いずれのデータでも、継続時間は2秒程度だが極めて明るく輝く閃光が記録されていた。私たちの実施した初期解析によれば、ピーク時の閃光の輝度はこれまでに観測された同様の閃光と比較して数倍から10倍ほど明るいと推定される。過去に地上から観測された木星の閃光は、直径にして5mから30mのサイズを持った天体が木星大気に突入して発生したと考えられている。つまり今回、これまでよりも大きな天体が衝突した可能性がある。

閃光が発生した瞬間の木星。アマチュア観測家5名からご提供いただいた動画データを使用して作成。画像クリックで表示拡大((c) 有松 亘(京都大学)、石橋 力、大杉忠夫、大田 聡、関根正道、冨田安明)

【感想】
&Buzzとしては、今回の木星の閃光現象の観測は非常に貴重であり、アマチュア天文家の皆さんの熱心な観測と協力が垣間見えます。木星の閃光は極めて稀な現象であり、今回の観測はこれまでにない規模の同時観測数を達成しました。さらに、閃光の明るさや時間変動から得られるデータの解析方法も進化し、衝突天体の質量や衝突角度などに関する新たな知見が得られる可能性があります。

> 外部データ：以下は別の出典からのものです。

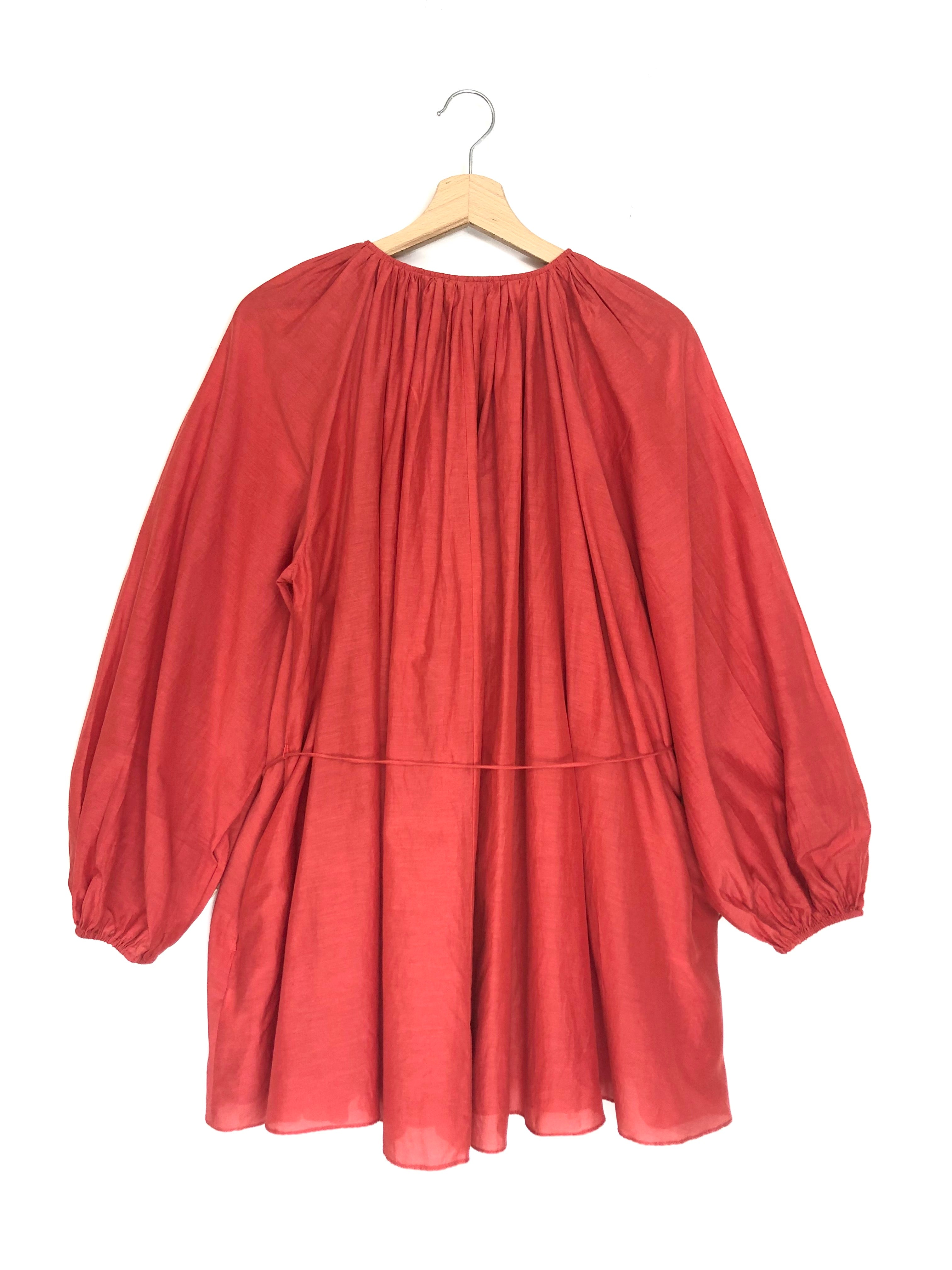 Poppy Red VOLUMINOUS Cotton and Silk Mini Dress / MATTEAU - Size 2

木星の閃光現象は未解明な部分が多く、今後の研究を通じて解明が進むことを期待しています。&Buzzとしては、アマチュア天文家の皆さんの観測や報告を積極的にサポートし、木星の閃光現象の研究に貢献していきたいと考えています。木星の閃光に関する情報や観測データは、筆者のX(旧Twitter)アカウント@OASES_miyakoまたはEメール:arimatsu.ko.6x@kyoto-u.ac.jpにお送りいただければ幸いです。また、星ナビ2023年11月号(10月5日発売)でも、この閃光現象について詳しく解説する予定です。今後の木星の閃光現象に注目し、アマチュア天文家の皆さんの活躍を見守っていきたいと思います。

この &Buzzニュースは、Astroarts.co.jpのニュースをAndbuzzが独自にまとめたもの。